Thursday, 8 November 2012

"Chronic Fatigue Syndrome" My Arse!



When you are ill and disabled, you end up taking on vocabulary that is not your own. This can be in the form of medical language, of Latin names, of obtuse and previously unknown parts of your anatomy which suddenly become foreign to you when spoken in this foreign tongue.

But there are also more subtle uses of language which means you end up using someone else's words. I came across this recently when I had the review from social services. I had been receiving help from what is called an enabler, which I'd never heard of before, but it is literally someone that enables you to live your life, to be yourself, and to be out in the community. I thought it was a really good title, because it was such a positive affirmation that I did not need someone to do things for me, or take care of me, I needed someone who enabled me to be myself.

However now the government has decided to mess around with the language. Someone can only be called an enabler if they are doing short-term rehabilitative work, and although I still get the same amount of money further help it is now classed as being “Daycare". When this change was made obviously no one thought what a disempowering, nonpersons centred and demeaning description this was, and how inaccurate it was in describing me all the type of help I receive. And obviously no one asked someone he was disabled how they would feel about that change, otherwise I think the resounding contempt for it would have made them change their mind.

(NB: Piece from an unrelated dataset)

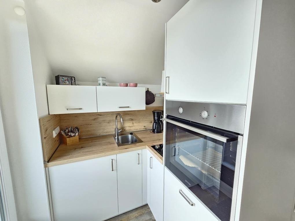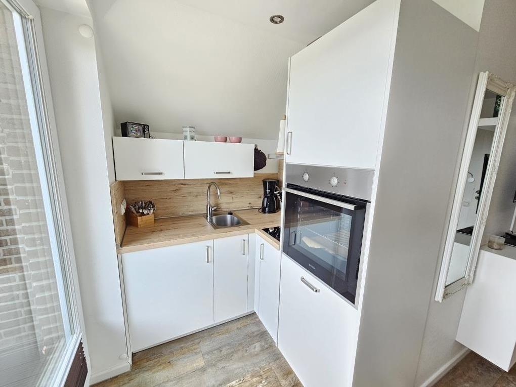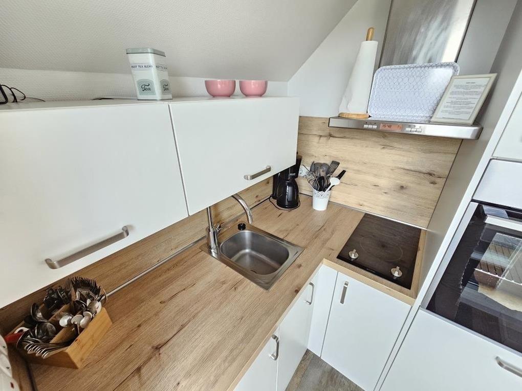 Die Küchenzeile bietet Ihnen ebenfalls viel Komfort auf kleinem Raum. Herd (mit zwei Platten), Backofen, Kühlschrank mit Gefrierfach und Spülmaschine stehen ebenso zur Verfügung wie Toaster, Wasserkocher und Kaffeemaschine. Auch Besteck, Geschirr und Küchenutensilien fehlen nicht, so dass eine sorgenfreie Selbstversorgung möglich ist.

Sometimes medical language can completely obfuscate the real experience of the person who is ill. This hit home from me recently in an article written by Scott Harris in the Guardian regarding the sad and tragic death of his friend Emily Collingringe who died from chronic fatigue syndrome. He reflected that even the doctors and the public who have finally accepted that chronic fatigue syndrome is a genuine neurological illness and not psychosomatic, even among these people the illness is still called CFS which is still a:  

“ridiculous name… which is almost as damaging to ME sufferers as the symptoms we suffer. Fatigue is what a person feels after a hard work day or an intense session at the gym. It is a gentle tiredness that makes the back ache slightly and the eyelids a little heavy. It is cured by a nap or a reviving espresso. Collingridge was beyond bedridden. She was crippled by incessant agony and dependent on morphine. She was fed through a tube and her body couldn't cope with noise, light or movement. She was doubly incontinent and experienced periods of both blindness and paralysis ... She is now dead. To call the illness that savaged her "chronic fatigue syndrome" is like calling stomach cancer "chronic upset tummy"."

The language given to something or someone shapes how they are seen. It is a filter through which the truth becomes distorted. How the medical profession see us it affects, how the public see us, it even affects how much funding we are given a research, how much drug companies invest in us, and how easy it is so get benefits such as incapacity benefit or disability living allowance.

I refuse to call my illness chronic fatigue syndrome because it does not in any way accurately express the experience I have. I think that's if it was called extreme exhaustion and unrelenting pain syndrome, it would be taken more seriously. But sadly it is usually not disabled people who create the language of their experience, it is something imposed on the. This misrepresentation is for ME sufferers "almost as damaging ... as the symptoms we suffer".

So, Chronic Fatigue Syndrome? My arse!